<<<<

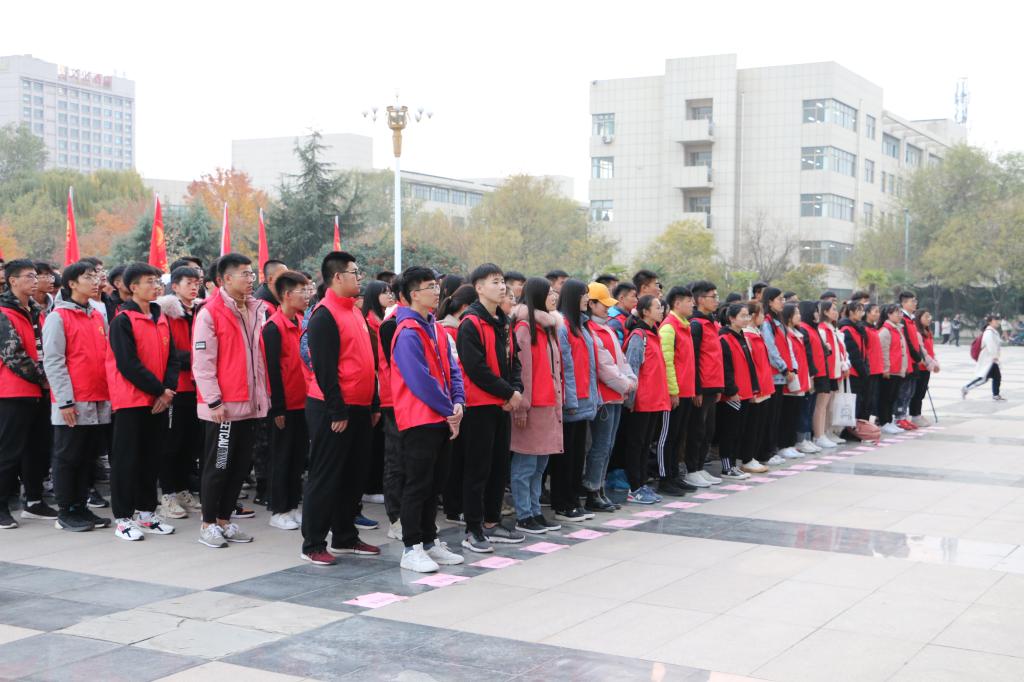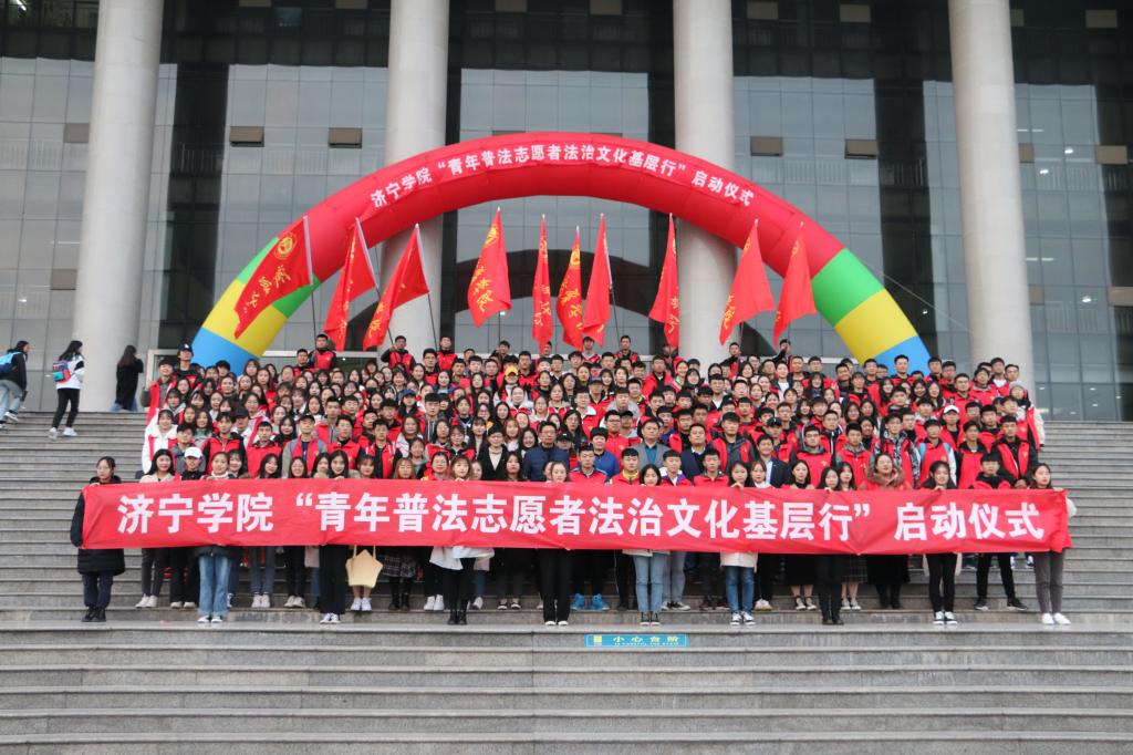 11月21日下午,圣贤广场上旗帜飘扬、气氛热烈,我校“青年普法志愿者法治文化基层行”启动仪式在此隆重举行。校党委副书记马恩,曲阜市委常委、政法委书记李洁出席仪式。曲阜市委政法委副书记颜志强、曲阜团市委书记刘海韵、曲阜市司法局副局长乔德文以及学校党委宣传部、团委等相关部门同志与我校300余名青年普法志愿者一同参加仪式。启动仪式由校团委书记马新蕾主持。
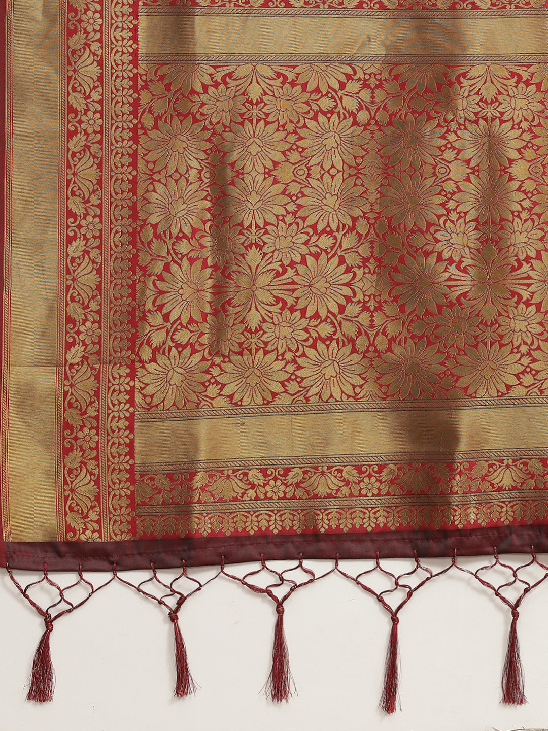Maroon Oxidised Zari Self Woven Banarasi Jamdani Silk Saree
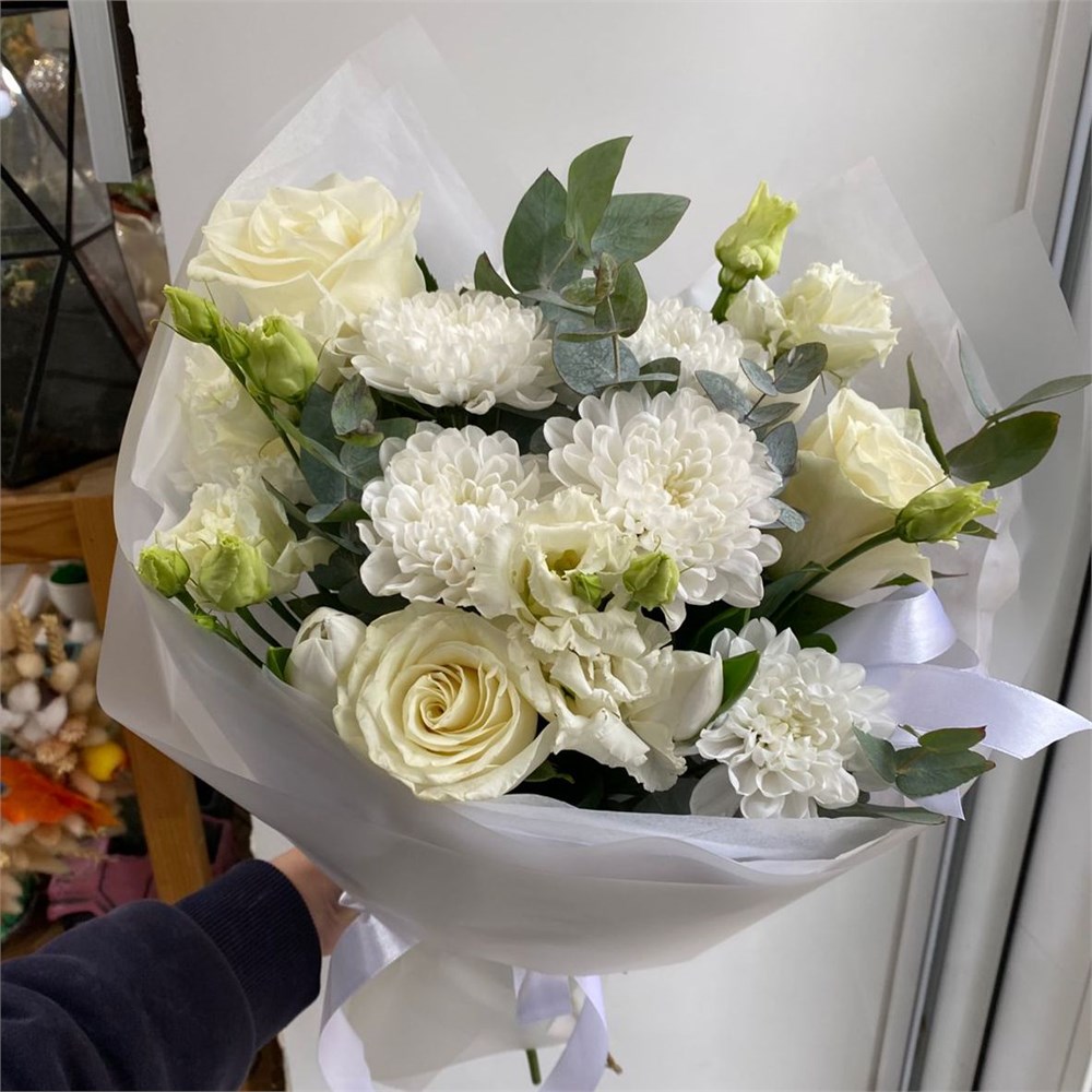 Состав:зелень,1 шт., лента,2 шт., пленка матовая,1 шт., роза,цвет-белый,3 шт., тишью,1 шт., хризантема кустовая балтика,цвет-белый,1 шт., эустома,цвет-белый,1 шт.
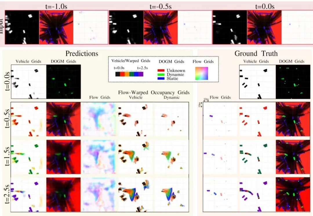 这就好比,你不仅预测了“那辆出租车会向右移动3米”,还预测了“它覆盖的那些格子会整体向右平移”,并且这两件事必须匹配。同时,对于那些没有被识别为车辆的“动态格子”,模型也必须为它们预测出一个合理的“流”。这样一来,即使是没被认出来的行人,模型也能根据周围格子的运动趋势,“猜”出他可能怎么动。
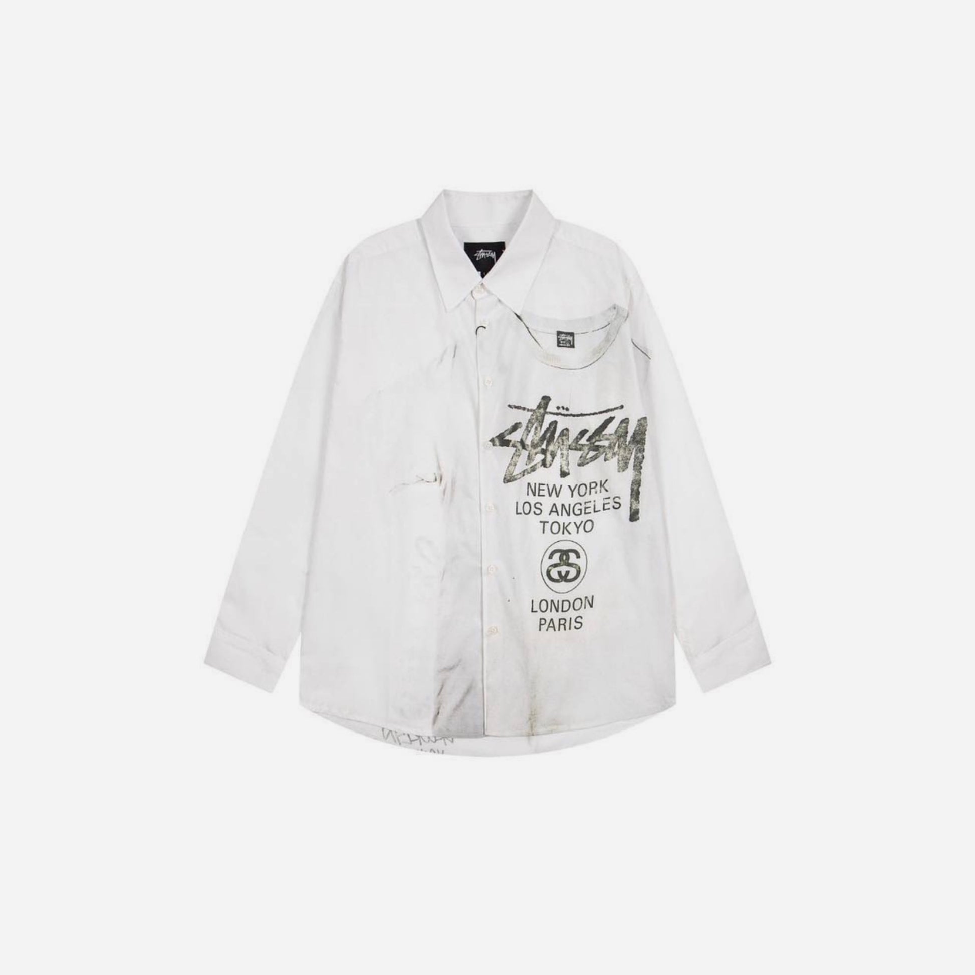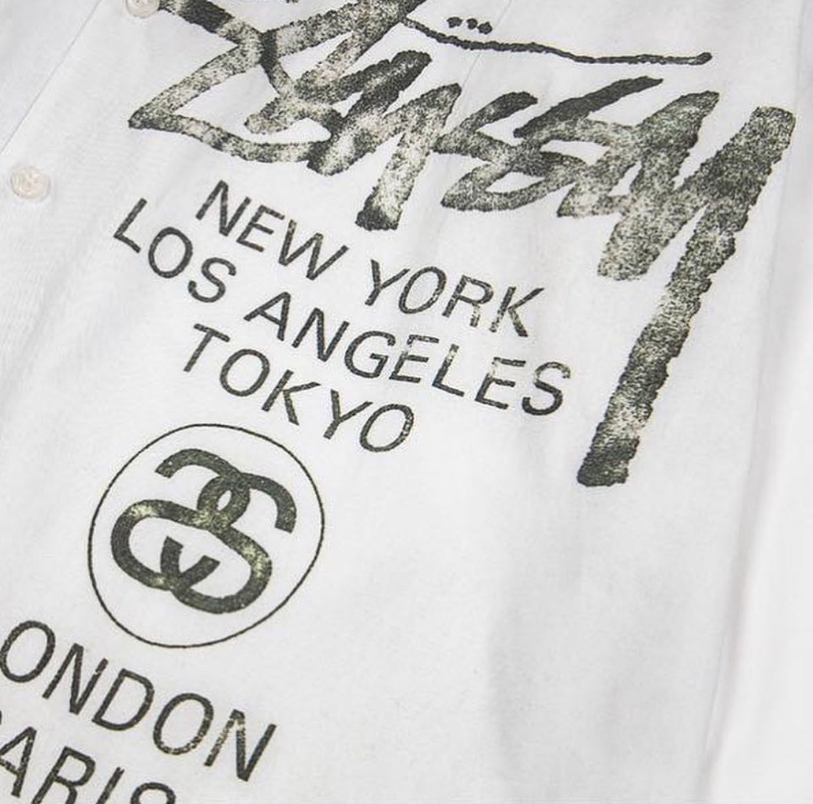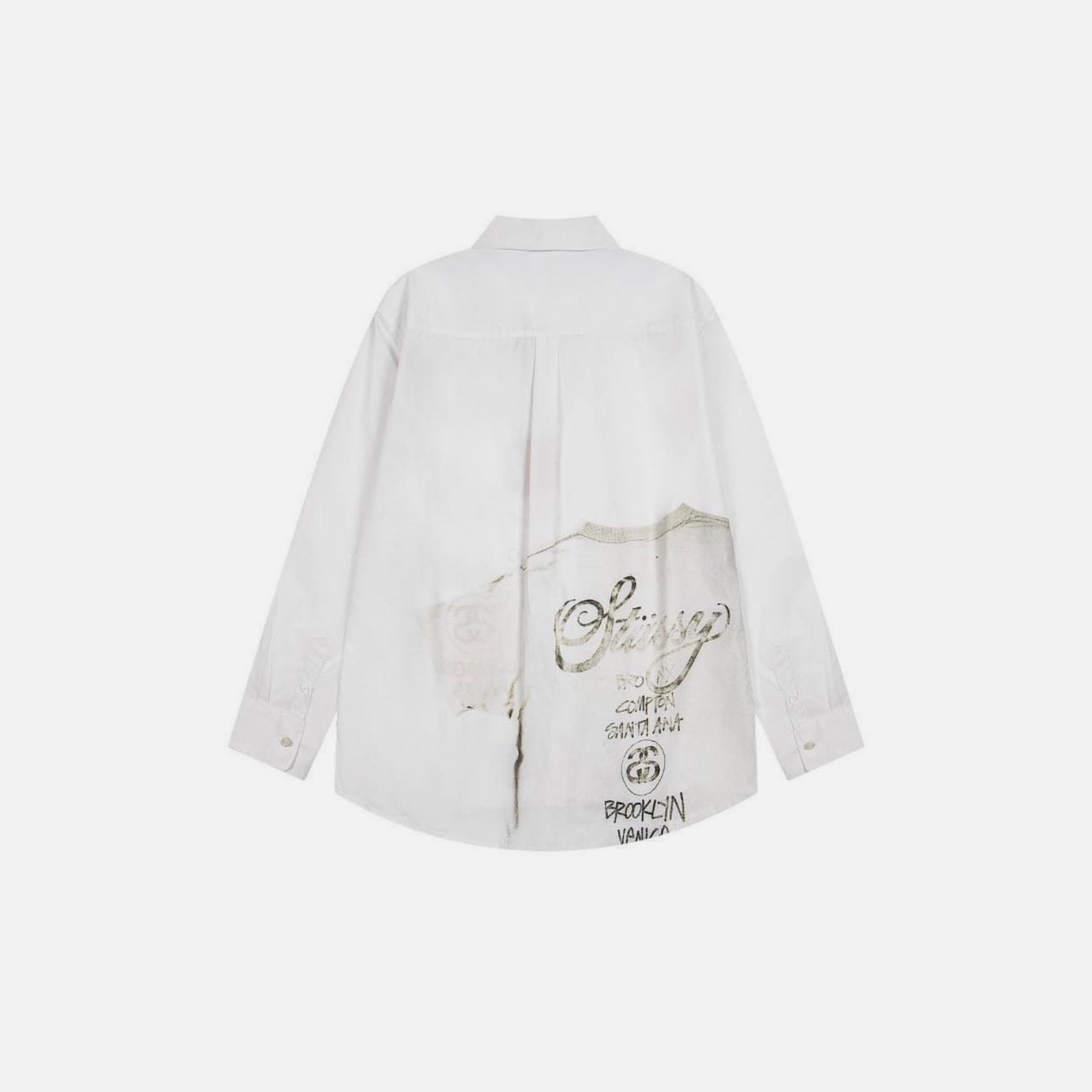 This rare Stüssy piece blends a crisp button-down with a tee-style overlay—creating the illusion of layered streetwear in a single design. Faded graphic print. Raw edge finish.

>>>>

- _Problem to solve_: Write out nothing but the lines from the start of the data through the line with "Состав:зелень,1 шт., лента,2". Leave out the pictures.

- _Answer area_:
 11月21日下午,圣贤广场上旗帜飘扬、气氛热烈,我校“青年普法志愿者法治文化基层行”启动仪式在此隆重举行。校党委副书记马恩,曲阜市委常委、政法委书记李洁出席仪式。曲阜市委政法委副书记颜志强、曲阜团市委书记刘海韵、曲阜市司法局副局长乔德文以及学校党委宣传部、团委等相关部门同志与我校300余名青年普法志愿者一同参加仪式。启动仪式由校团委书记马新蕾主持。
Maroon Oxidised Zari Self Woven Banarasi Jamdani Silk Saree
 Состав:зелень,1 шт., лента,2 шт., пленка матовая,1 шт., роза,цвет-белый,3 шт., тишью,1 шт., хризантема кустовая балтика,цвет-белый,1 шт., эустома,цвет-белый,1 шт.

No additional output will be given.